Depuis quelques années, les Africains qui se sont installés à Lausanne pour développer le marché de la cocaïne ont choisi des méthodes tout à fait différentes. Chacun se met à son compte et vend de petites quantités pour former une sorte de fourmilière sans chefs. Dans ces conditions, il est plus difficile pour la police d'identifier la source d'approvisionnement et il faut absolument miser sur le flagrant délit pour faire disparaître le trafic visible en rue de jour. Mais la police est en plus confrontée à d'autres difficultés avec cette nouvelle vague de trafiquants. Les Africains se déplacent avec des petites quantités de drogue, qui passent de bouche à bouche au moment de la transaction : de plus les trafiquants n'hésitent pas, dans certains cas à avaler la boulette afin d'échapper au flagrant délit. Par ailleurs quand ils doivent transporter une quantité un peu plus importante de drogue, ils choisissent de conditionner la marchandise dans des œufs kinder afin de les dissimuler dans l'anus.
Malgré ces nouvelles donnes, le groupe Celtus a réussi à force de patience et d'obstination à interpeller plus de 300 personnes (consommateurs, vendeurs, complices) dont une centaine de trafiquants en flagrant délit. Les saisies se montent à 575 grammes d'héroïne, 621 grammes de cocaïne, du haschich, des médicaments et des ecstasy équivalent à une valeur marchande de 180'000 francs ainsi que 80'000 francs en liquide. Dans la rue, les saisies ne sont jamais très importantes pour les raisons déjà invoquées, mais ce qui est intéressant, c'est que plusieurs trafiquants ont pu être formellement mis en cause pour plusieurs kilos de drogue dures vendues. L'affaire Tivoli par exemple a permis d'établir que les auteurs avaient écoulé plus de 2 kilos de drogue.
La philosophie du groupe Celtus, orienté uniquement sur la rue et mis en place par la police municipale de Lausanne depuis une dizaine d'années, a permis de lutter réellement contre le trafic de stupéfiants visible.

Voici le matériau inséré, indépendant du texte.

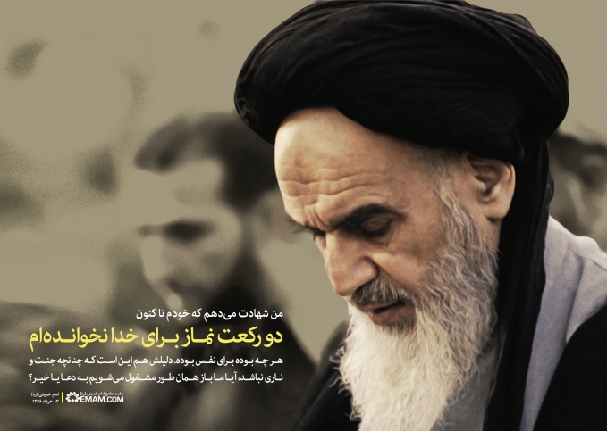 امام خمینی؛ دو رکعت نماز برای خدا نخواندهام، ((من شهادت میدهم که خودم تا کنون دو رکعت نماز برای خدا نخواندهام، هر چه بوده برای نفس بوده. دلیلش هم این است که چنانچه جنت و ناری{بهشت و جهنمی} نباشد، آیا ما باز همان طور مشغول میشویم به دعا یا خیر؟)) ...

L'efficacité de cette lutte a été renforcée par l'opération " Strada " qui a permis en 2000 de nommer un juge d'instruction " Strada ". Ce juge se consacre principalement aux affaires de stupéfiants en rue. Le principe de base est d'incarcérer et de condamner rapidement les trafiquants selon une approche de type flagrant délit.

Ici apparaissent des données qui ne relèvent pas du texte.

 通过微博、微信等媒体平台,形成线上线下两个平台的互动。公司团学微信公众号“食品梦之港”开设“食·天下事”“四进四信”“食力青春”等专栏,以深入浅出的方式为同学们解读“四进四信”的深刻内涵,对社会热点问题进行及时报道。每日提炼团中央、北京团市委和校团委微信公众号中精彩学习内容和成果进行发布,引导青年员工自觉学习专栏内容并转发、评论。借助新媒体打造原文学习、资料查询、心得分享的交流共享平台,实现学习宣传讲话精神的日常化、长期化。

Si le trafic en rue de jour, qui s'était développé il y a quelques années sur les axes St François- Chauderon et rue l'Ale-St Laurent, a pratiquement disparu, il y a toujours du trafic plus discret le soir et la nuit dans certains quartiers du centre ville. La mission du groupe Celtus est d'identifier tous les trafiquants en rue, sans cibler sur un groupe de population, mais les résultats démontrent qu'actuellement le marché de la cocaïne est majoritairement dans les mains des Africains. La marchandise transite en général par la Hollande et l'Espagne.

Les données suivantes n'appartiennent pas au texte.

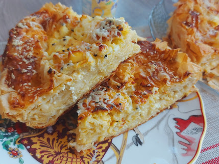 Ponovo zgužvati, dodati samo ulje, pa opet u sredinu staviti kore, pa nadev i tako redom dok se ne potroši sve. Ostatatak nadeva istresti na sredinu i na vrh još malo namrviti sira, Ivice saviti ka sredini, ali ne pokrivati već ih malo saviti tako da se sredina sa nadevom vidi.

L'activité du groupe Celtus s'inscrit dans la mise en place par la police lausannoise d'un travail en réseau. Les agents du groupe Alpha, en uniforme et visibles dans la rue, insécurisent par leur seule présence. Les actions du groupe Celtus, orientées vers le flagrant délit, sont également déstabilisantes pour les trafiquants, mais ont peu d'effets sur la disponibilité des drogues. Par contre, les informations recueillies sur le terrain permettent de compléter les renseignements à disposition des inspecteurs de la brigade des stupéfiants pour enquêter sur les réseaux locaux et sur les sources d'approvisionnement. Et c'est grâce à ce dispositif complet que la lutte contre le trafic se révèle efficace.